:: WHAT YOU HAVE TO DO ::
Exactly as they appear, retype the lines from the one containing "Uso sugerido: Se" through the final line of the data below. Leave pictures out.

[Data excerpts]
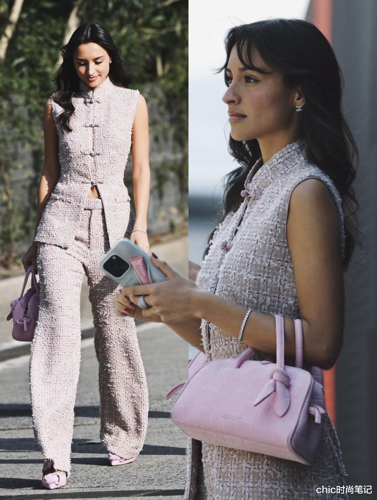 把小香风套装和旗袍元素相结合,穿搭思路格局打开。无袖立领的上衣搭配同系列长裤,带着优雅与知性的同时又能拥有东方韵味。
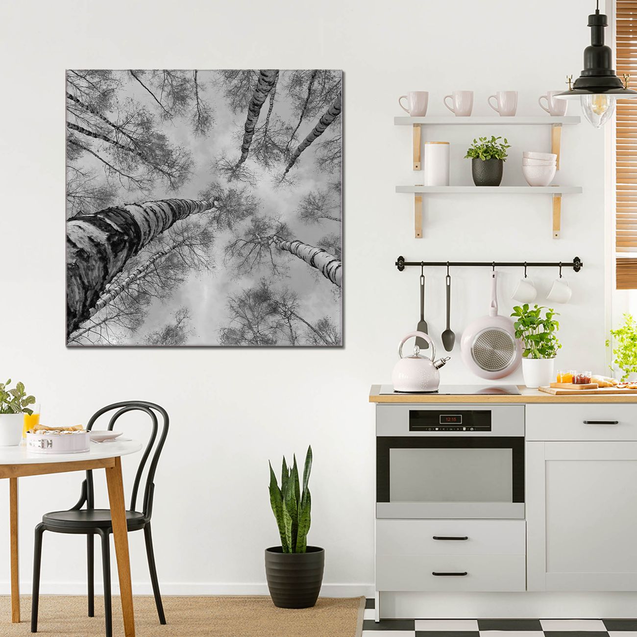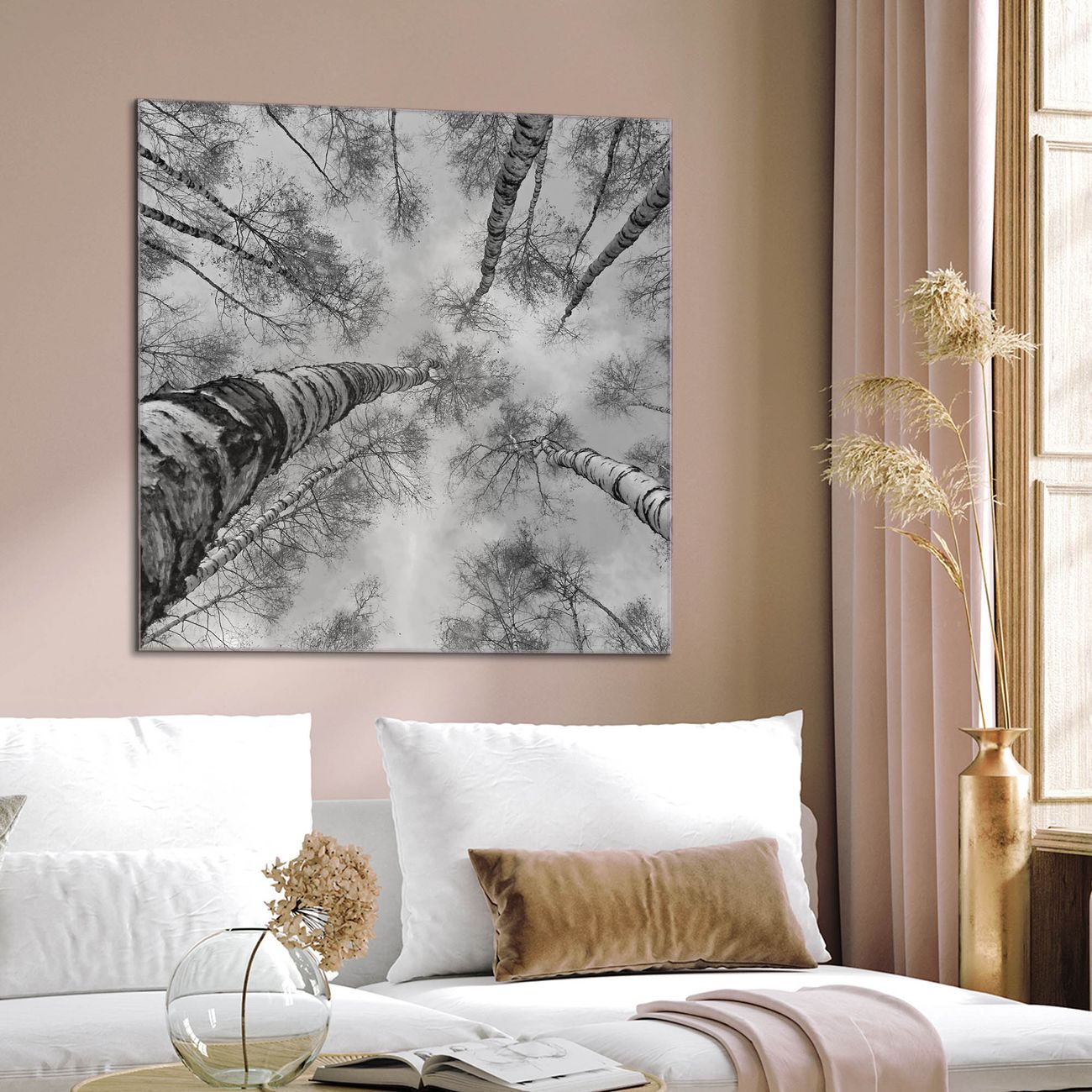 Quadratisches Wandbild aus Glas Birkenwald
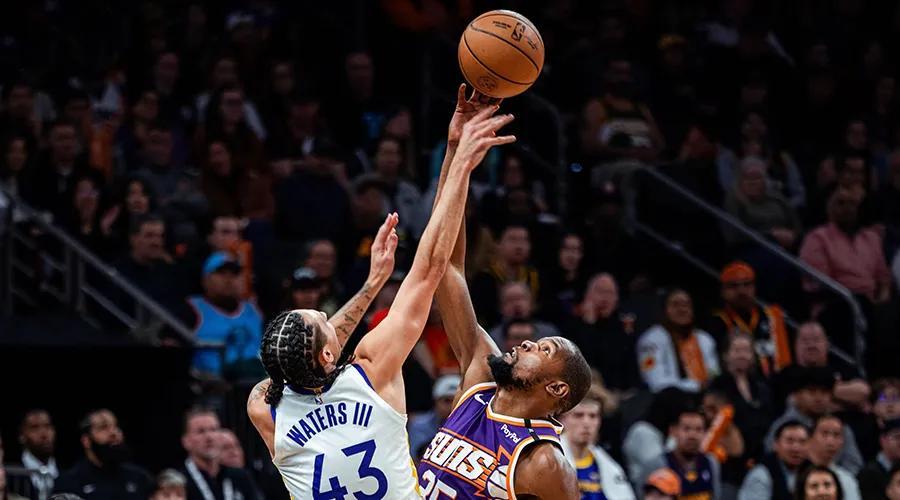 世人都知道科爾熱愛長輪換,喜歡挖掘邊緣球員,控制主力(尤其是庫裏)的出場時間。世人也都知道庫裏36、追夢34,的確要嚴格控制核心的比賽強度。可當第四節打過5分鐘,同樣36歲的杜蘭特都和布克一起出場了,勇士的陣容依然是斯賓塞、沃特斯、希爾德、追夢和魯尼。科爾甚至沒上庫明加和維金斯,更不用說庫裏了。於是滑稽一幕再次上演:沃特斯在邊線試圖單打杜蘭特,一陣左右搖擺之後,沃特斯的幹拔直接被杜蘭特原地抓帽,就地推起了反擊。
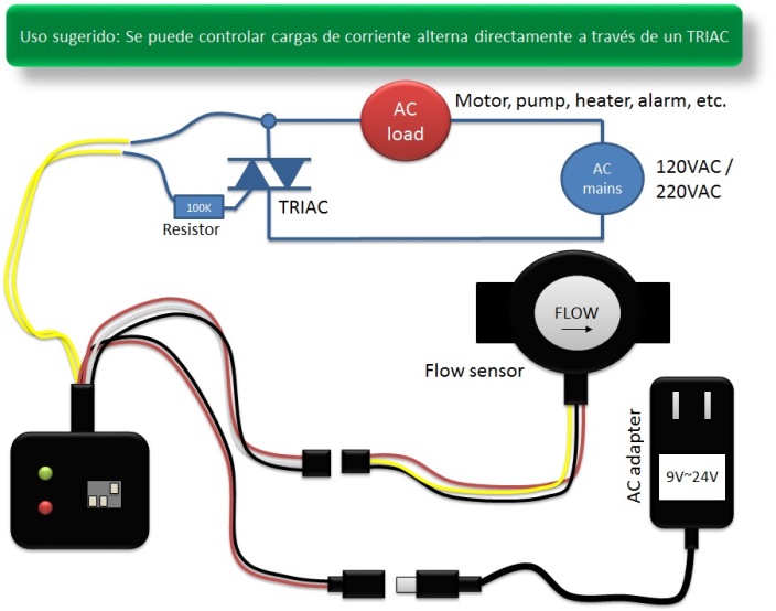 Uso sugerido: Se puede controlar cargas de corriente alterna directamente a través de un TRIAC externo (ver opciones)
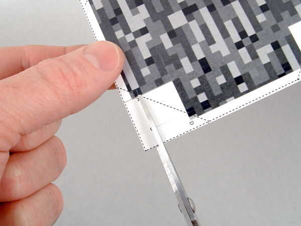 Usando el cuchillo de la manía y puntuación guía, cortar a lo largo de las cinco líneas discontinuas en la página para separar los paneles. (FOTO 5 - 1)
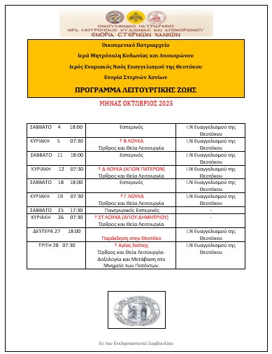 Ὀκτώβριος 3, 2025Ὀκτώβριος 3, 2025 ΕΝΟΡΙΑ ΣΤΕΡΝΩΝ ΧΑΝΙΑ Λειτουργικό Πρόγραμμα Οκτωβρίου Μοιρασθῆτε το: Πατῆστε γιὰ νὰ μοιρασθῆτε στὸ X(Ἀνοίγει σὲ νέο παράθυρο) X Click to share on Facebook(Ἀνοίγει σὲ νέο παράθυρο) Facebook Πατῆστε γιὰ νὰ στείλετε τὸν σύνδεσμο σὲ ἕναν φίλο(Ἀνοίγει σὲ νέο παράθυρο) Email Μοῦ ἀρέσει Φόρτωση σὲ ἐξέλιξη...
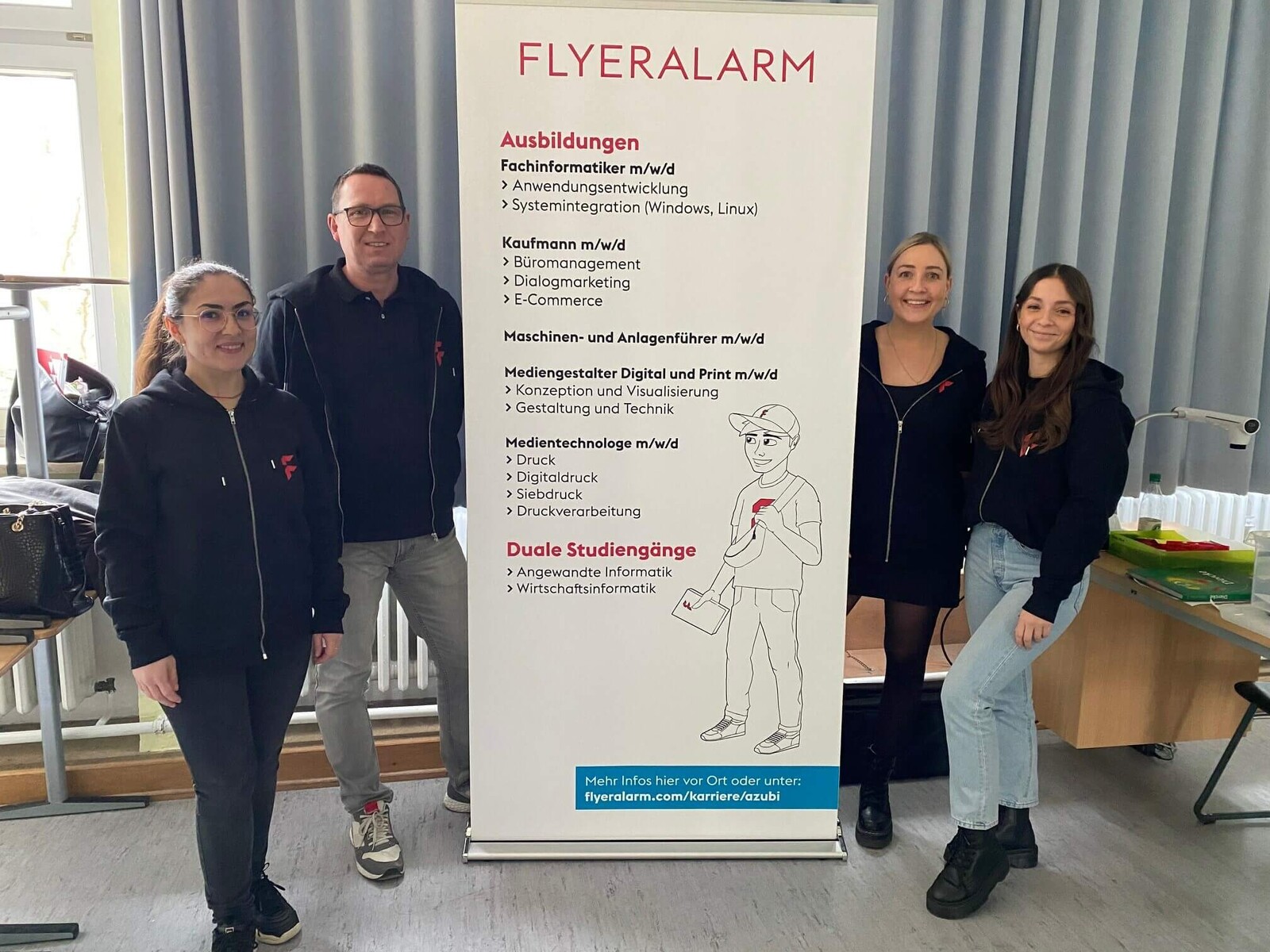 Auch hier durften wir nicht fehlen und waren mit drei Expertinnen und einem Experten rund um die Ausbildungsmöglichkeiten bei FLYERALARM vor Ort.

:: YOUR SOLUTION ::
 Uso sugerido: Se puede controlar cargas de corriente alterna directamente a través de un TRIAC externo (ver opciones)
 Usando el cuchillo de la manía y puntuación guía, cortar a lo largo de las cinco líneas discontinuas en la página para separar los paneles. (FOTO 5 - 1)
 Ὀκτώβριος 3, 2025Ὀκτώβριος 3, 2025 ΕΝΟΡΙΑ ΣΤΕΡΝΩΝ ΧΑΝΙΑ Λειτουργικό Πρόγραμμα Οκτωβρίου Μοιρασθῆτε το: Πατῆστε γιὰ νὰ μοιρασθῆτε στὸ X(Ἀνοίγει σὲ νέο παράθυρο) X Click to share on Facebook(Ἀνοίγει σὲ νέο παράθυρο) Facebook Πατῆστε γιὰ νὰ στείλετε τὸν σύνδεσμο σὲ ἕναν φίλο(Ἀνοίγει σὲ νέο παράθυρο) Email Μοῦ ἀρέσει Φόρτωση σὲ ἐξέλιξη...
 Auch hier durften wir nicht fehlen und waren mit drei Expertinnen und einem Experten rund um die Ausbildungsmöglichkeiten bei FLYERALARM vor Ort.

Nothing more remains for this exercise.